Do a search on "splits" and you'll get a ton of info. Michael Bush's website http://bushfarms.com/beessplits.htm is easy to recommend as a place to start. Basically if you time it right, splitting can be a useful tool for swarm control and for making increases. Spring splits are fun!


----------



## magnet-man (Jul 10, 2004)

Start feeding pollen patties now so you can get good strong splits.


----------



## BGhoney (Sep 26, 2007)

Get your name on some swarm lists, I always get 8-15 swarms a year, often add them to a good hive to make it a great hive before the honey flow. Those are free.


----------



## Grant (Jun 12, 2004)

WAB said:


> What is the fastest, cheapest and easiest way to increase your hives?



The fastest, cheapest and easiest way would be to steal someone else's hives under the cover of nightfall. No, I take that back...I've moved hives and it's not that easy. 

Now, now, relax. I'm not serious. That was a poor attempt at humor. And losing your public standing as a fine, upstanding citizen is not cheap.

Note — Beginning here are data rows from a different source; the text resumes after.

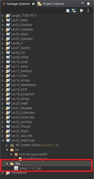 ** 최종적으로 lib 폴더 안에 Java HTML Parser가 잘 다운되었는지 확인하기 **
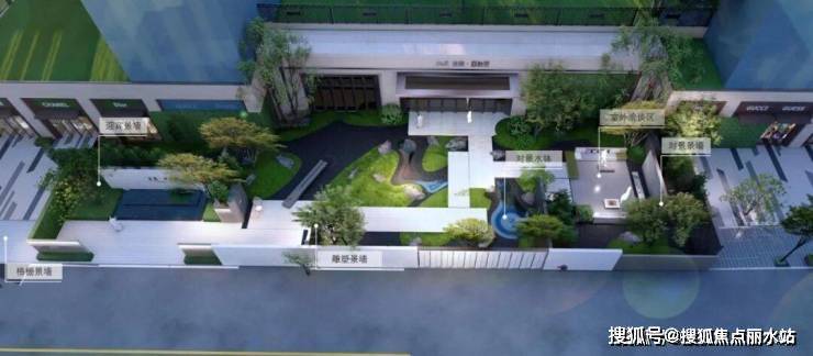 一步一景,每一块景石都谱写着诗意的画卷,给人结庐于自然的闲适感。精致而具有设计感的水景搭配常绿球,不同元素间的相互咬合,体现着刚与柔的艺术碰撞。作为室外洽谈区,满足室内功能的室外场景化,为人们洽谈提供轻松诗意的环境。
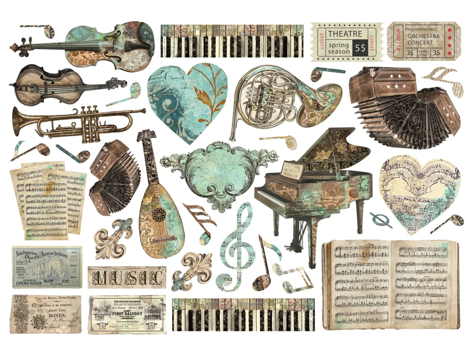 Music es la nueva colección de Stamperia. En ella los protagonistas son los instrumentos y las partituras, con ilustraciones de estilo vintage que combinan turquesas y marrones. La armonía de la colección inspira a la creatividad con intrincados detalles y hermosos complementos, para crear proyectos únicos y atemporales. Descubre sus papeles y disfruta con todos sus complementos, como die-cuts, stencils, sellos y mucho más. ¡Descubre ya Music!
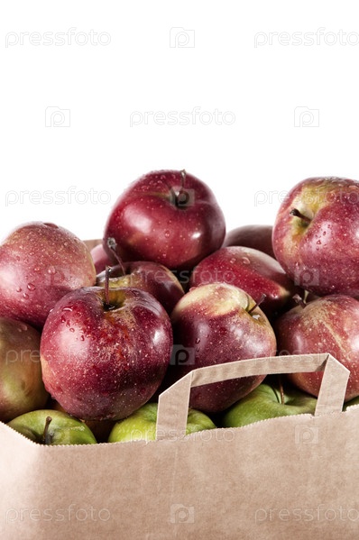 Свежие яблоки в бумажном пакете на белом фоне
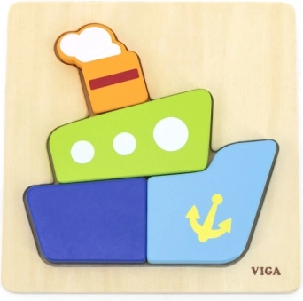 A Viga fa mini kirakó ideális első puzzle kisgyermekeknek és óvodásoknak. A négy színes darab pontosan illeszkedik az alaplap kimart formájába, és kirakás után vidám hajó képet alkot. Az egyszerű formák és az élénk színek motiválják a gyerekeket az ismételt kirakásra, és fejlesztik természetes kíváncsiságukat.

I don't think there is a fast, cheap and easy way. All the methods take preparation, planning, diligence and hard work. In my mind, the best way is to pay attention to details and build up strong hives in the spring, prevent swarming (not easy), buy some queens (not cheap) and make your "splits" (pulling selected frames into new box and introducing a new queen). That seems to be the conventional way. In the spring, you'll get one, maybe two additional hives in addition to your original hives.

Alternatively, buying nucs from another supplier would be fast and easy, but not cheap.

Grant
Jackson, MO


----------



## WAB (Jun 11, 2008)

I have 5 double box hives. I thought about splitting them but then I would not be able to harvest some honey from them, right? I understand that this would probably be the cheapest way. I was wanting to have my cake and eat it too!! Or honey as the case may be!! LOL!! I'll probably end up buying some packages.


----------



## tecumseh (Apr 26, 2005)

wab writes:
I have 5 double box hives.

tecumseh:
I would agree with grant that the question represnts a lot of trade off with the net of the + and - summing up to about zero.

with five hive you don't really need to buy packages. although the fact that you have existing hives, drawn comb and brood... these things would make package installation easier.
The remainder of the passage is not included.